Durant la seconde moitié de 2011, Le cadavre exquis culturel n’a pu s’empêcher de remarquer la récurrence de la thématique du temps dans ses activités culturelles…


Tout d’abord à la 54ème Biennale de Venise, l’œuvre vidéo de Christian Marclay (Lion d’or du meilleur artiste). Point besoin de revenir sur cet ovni qui a rencontré un grand succès d’estime parmi spécialistes et grand public, amateurs de création contemporaine et cinéphiles. L’épatant travail de recherche et de montage permet un déroulé hypnotique où rien ne fait vraiment sens : le spectateur reste cependant les yeux rivés à ce simulacre de vie qui coule inexorablement. Frissonnant.



Le design s’est aussi emparé de cette préoccupation contemporaine : en témoigne notamment la série Real Time de Maarten Baas, dont plusieurs déclinaisons sont visibles à la petite exposition « Maarten Baas, les curiosités d’un designer », aux Arts décoratifs. Baas a ainsi réalisé des films de 12h, dans lesquels sont mis en scène des acteurs indiquant l’heure en temps réel (par exemple en déplaçant des crayons sur un bureau, ou en balayant des barres d‘ordures). Ma favorite, Grandfather Clock : le cadran est remplacé par une vidéo figurant, derrière le sablage du verre de l‘horloge, un homme (ou plutôt le haut de son corps) qui inscrit l’heure à l’aide d’un marqueur en traçant et effaçant successivement les aiguilles. Entre chaque minute, du fond de son cadran, l’homme s’accorde une pose, prend le temps de boire un peu… Observer ces personnes qui se plient en quatre pour marquer la progression du temps, les voir paradoxalement consacrer tout leur temps à accompagner la fuite des minutes, me semble une excellente parabole de la condition humaine. Le tout dans un objet utilitaire indispensable à la vie actuelle. Car qui peut vivre sans savoir l’heure? Et qui peut vivre en ne pensant qu’à l’heure, la suivante et la dernière?

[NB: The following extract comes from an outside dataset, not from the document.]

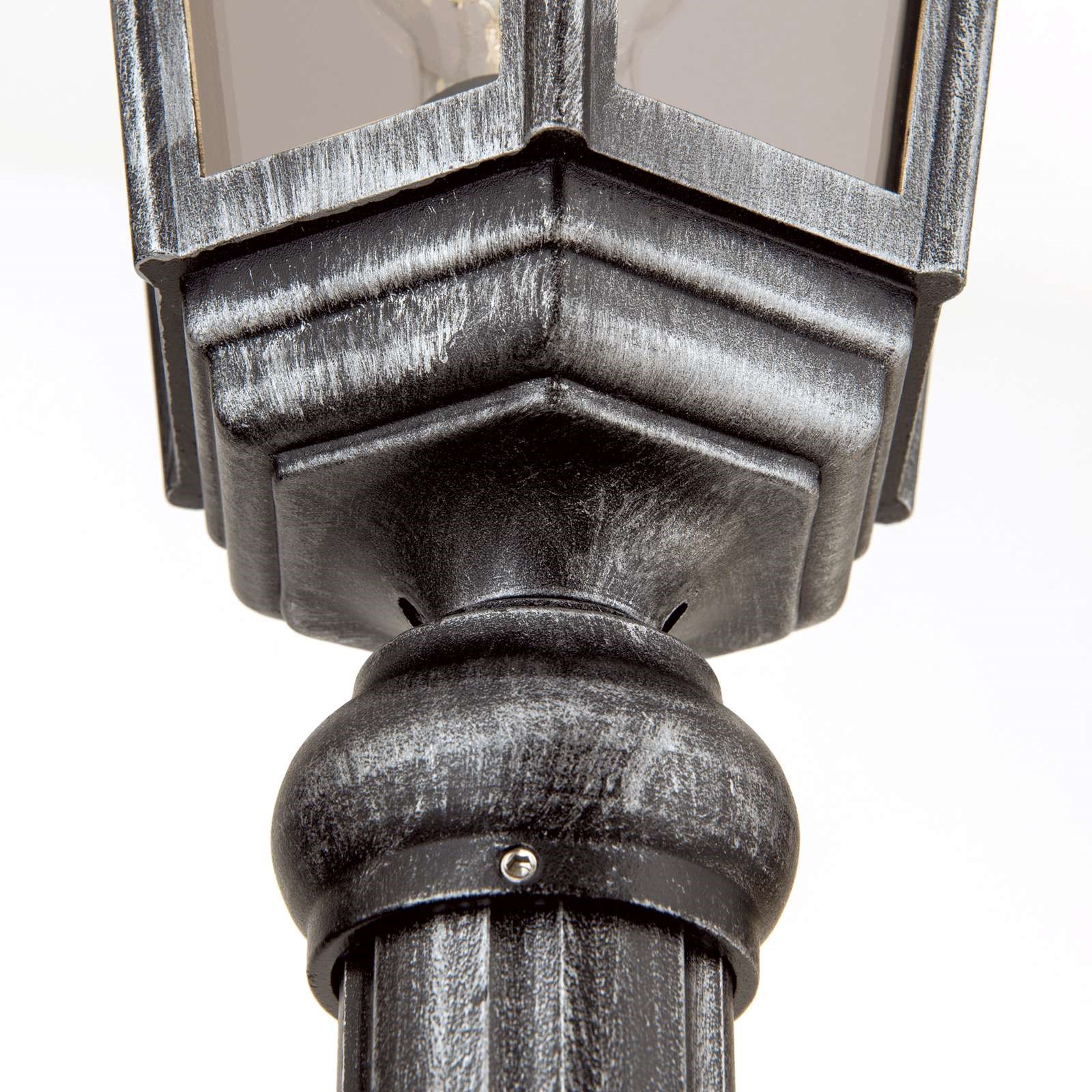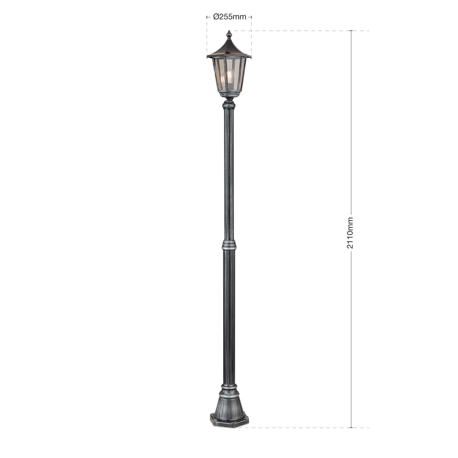 Die im Design klassisch antike Aussenleuchte Gastronomie 211cm gehört zu unserer Leuchtenserie Ischgl. Gefertigt aus langlebigen Materialien, trotzt unsere Aussenleuchte den Elementen und bietet eine zuverlässige Leistung bei jedem Wetter. Die stilvolle Außenbeleuchtung wird aus Siluminguss hergestellt, einer besonders widerstandsfähigen Aluminiumgusslegierung aus Aluguss in Verbindung mit Silicium. Silicium wird z.B. auch im KfZ- und Flugzeugbau als Material verwendet. Die solide Aussenleuchte Gastronomie ist insgesamt 211 cm hoch. Die Laternenhaube zeigt eine Breite von 25,5 Zentimetern. Die 6 Fenstereinsätze der Laterne werden aus stilvollem Rauchglas gefertigt. Die antike Gartenleuchte Ischgl wird hier mit einer E 27-Lampenfassung angeboten. Sie bestücken die stilvolle Mastleuchte mit Leuchtmitteln bis 100 Watt Leistung. Wir empfehlenin hinblick auf Energieeffizienz und Umwelt langlebige LED-Leuchtmittel. Selbstverständlich können auch ebenso Energiesparlampen verwendet werden. Leuchtmittel sind bei Lieferung nicht enthalten. Tipp: moderne Retrolampen verschönern das äußere Erscheinungsbild mit ihrem rundförmigen Glaskörper nochmal . Mittlerweile sind auch Retrolampen als LED-Variante im Handel erhältlich. Die antike Gartenleuchte 211cm ist dimmbar.

Enfin, (culture ou divertissement?), le film Time Out, réalisé par Andrew Niccol, a divisé ses spectateurs : vraie bonne idée ou scénario barbouillé à la va-vite et images omniprésentes des jambes interminables d’Amanda Seyfried ? Time out dépeint un monde où le temps a remplacé l'argent. Génétiquement modifiés, les hommes grandissent « normalement » jusqu’à leurs 25 ans, jour anniversaire fatidique où un sablier numérique vert fluo décompte le temps qu’il leur reste à vivre. A partir de là, il faut être riche ou bien « gagner son temps » en travaillant, volant, empruntant… Réflexion sur la concentration des richesses (Olivier Bonnard du Nouvel Observateur, écrit « Et Andrew Niccol créa le blockbuster marxiste »), le film évite partiellement l’écueil du déjà-vu (Bonnie and Clyde, Robin des Bois, etc.) pour acquérir une dimension supplémentaire : l‘or immatériel sur lequel il est centré. Non que le manque d’argent ne soit pas dramatique, mais l’épuisement du temps est si immédiatement fulgurant qu’il instille un sentiment de terreur, aiguisé par les grosses ficelles hollywoodiennes. Sortir de la salle de cinéma, constater que seul un grain de beauté orne notre avant-bras, sourire (jaune).




Le cadavre exquis culturel vous souhaite une délicieuse nouvelle année, à la recherche du temps perdu.